▶ [Action item]
Here is a listing, set out below; repeat its lines from the one with "The panel displays" to the last, both included, and leave out the pictures.

==========

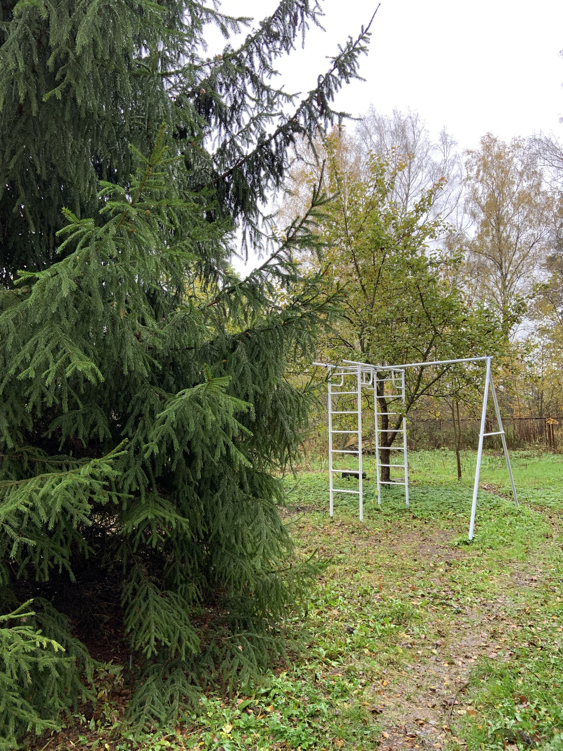 На участке прекрасная елка, плодовые деревья, спорт уголок
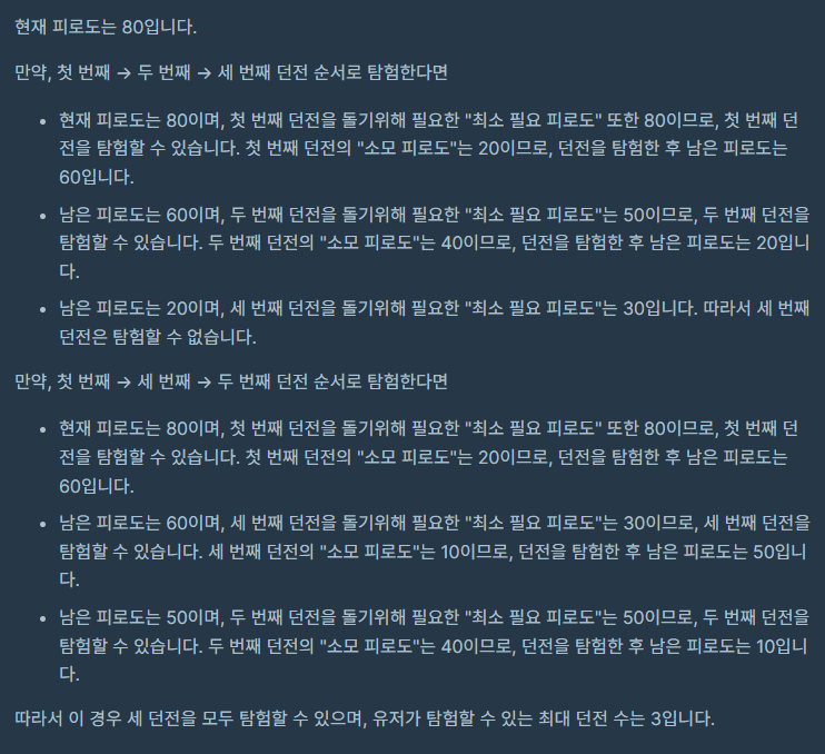 - 재귀 함수 호출을 통해 던전 입장 순서별로 탐험 가능한 최대 던전 수를 계산
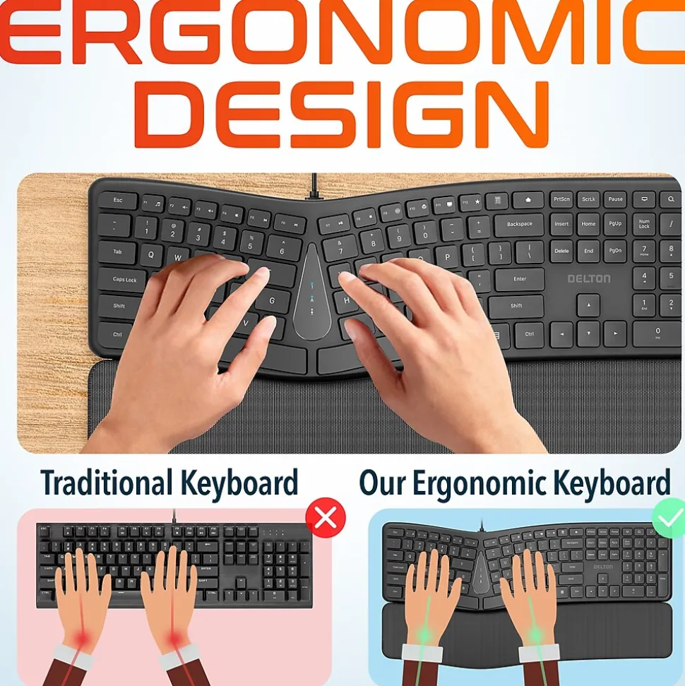 - This wired ergonomic keyboard is meticulously engineered to ensure exceptional durability and long-lasting comfort
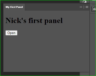 The panel displays correctly in Photoshop, but the Open button is not responding.
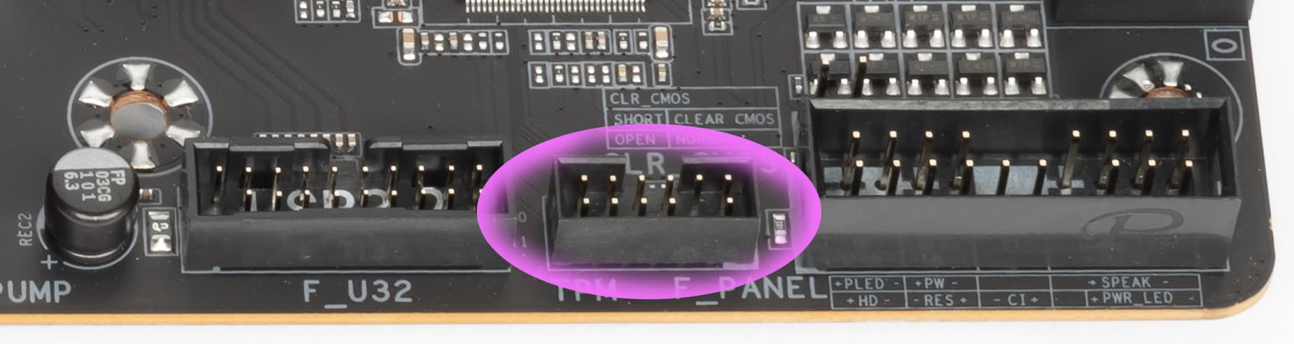 Материнская плата имеет отдельный разъем для подключения платы расширения Thunderbolt и разъем для систем безопасности TPM.

==========

▶ [Solution to the problem]
 The panel displays correctly in Photoshop, but the Open button is not responding.
 Материнская плата имеет отдельный разъем для подключения платы расширения Thunderbolt и разъем для систем безопасности TPM.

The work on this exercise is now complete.